[[ Supplied material open ]]

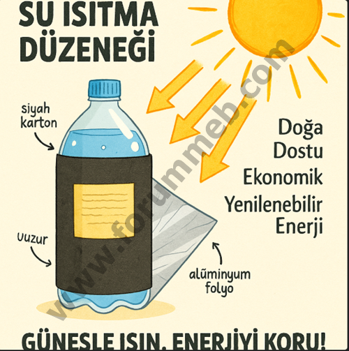 Sonuç: Sadece güneş enerjisini kullanarak suyu ısıttım. Bu düzenek sayesinde enerji tasarrufu sağlanır ve doğa korunur.
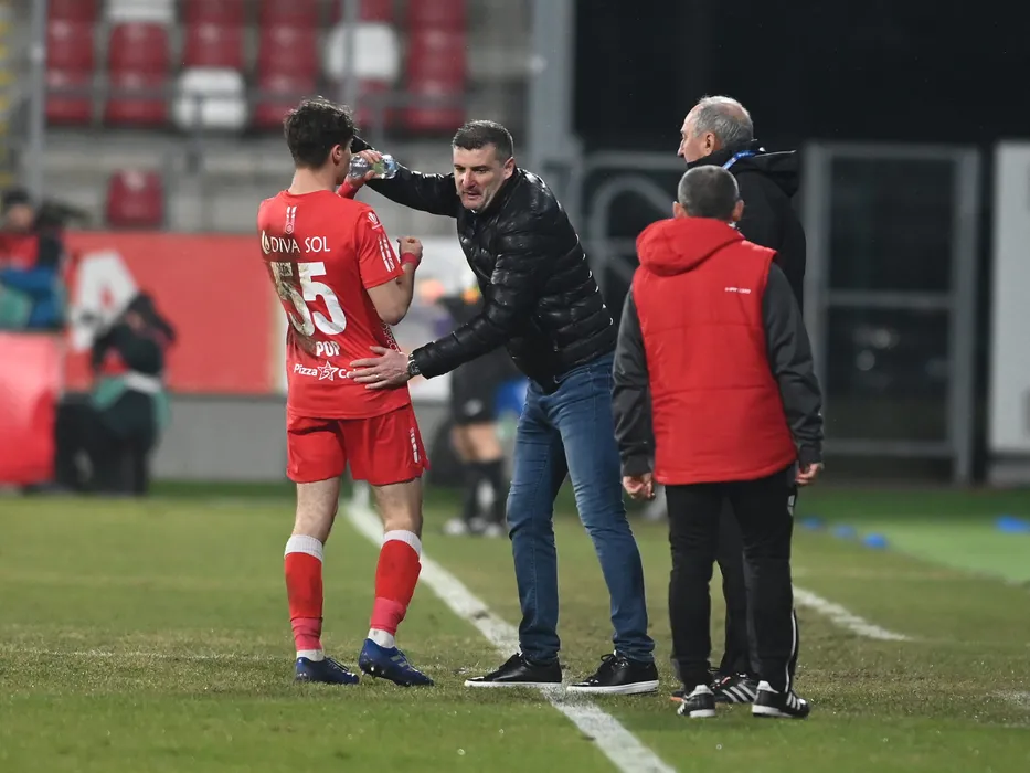 Laszlo Gyorgy Balint discuta cu Rares Mihai Pop in meciul de fotbal dintre UTA Arad si Farul Constanta, contand pentru Superliga Superbet, desfasurat pe Arena Francisc Neuman din Arad, vineri 24 februarie 2023. © FOTO:Razvan Pasarica/SPORT PICTURES
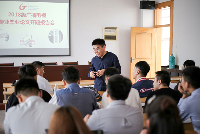 此次开题报告会共有11名2018级广播电视专业学生进行了开题报告答辩,同学们依次通过PPT演示的方式,具体阐述了自己的选题背景、选题意义、研究方法、内容框架、视频作品制作进度等方面的内容。同学们的毕业论文选题涵盖了影视套拍纪录片、城市形象宣传片、真人秀节目等多个广播电视研究领域。参与评审的导师们详细指出了各位同学的开题报告中所存在的问题,诸如文献综述条理性不足、结构逻辑不合理、研究缺乏创新性、论文与视频作品关联性不强等问题,并且提出了科学合理的修改意见。

[[ Supplied material closed ]]

*What you should do*
Using the material above, return every line exactly as it appears, minus the pictures.

*Output of the exercise*
 Sonuç: Sadece güneş enerjisini kullanarak suyu ısıttım. Bu düzenek sayesinde enerji tasarrufu sağlanır ve doğa korunur.
 Laszlo Gyorgy Balint discuta cu Rares Mihai Pop in meciul de fotbal dintre UTA Arad si Farul Constanta, contand pentru Superliga Superbet, desfasurat pe Arena Francisc Neuman din Arad, vineri 24 februarie 2023. © FOTO:Razvan Pasarica/SPORT PICTURES
 此次开题报告会共有11名2018级广播电视专业学生进行了开题报告答辩,同学们依次通过PPT演示的方式,具体阐述了自己的选题背景、选题意义、研究方法、内容框架、视频作品制作进度等方面的内容。同学们的毕业论文选题涵盖了影视套拍纪录片、城市形象宣传片、真人秀节目等多个广播电视研究领域。参与评审的导师们详细指出了各位同学的开题报告中所存在的问题,诸如文献综述条理性不足、结构逻辑不合理、研究缺乏创新性、论文与视频作品关联性不强等问题,并且提出了科学合理的修改意见。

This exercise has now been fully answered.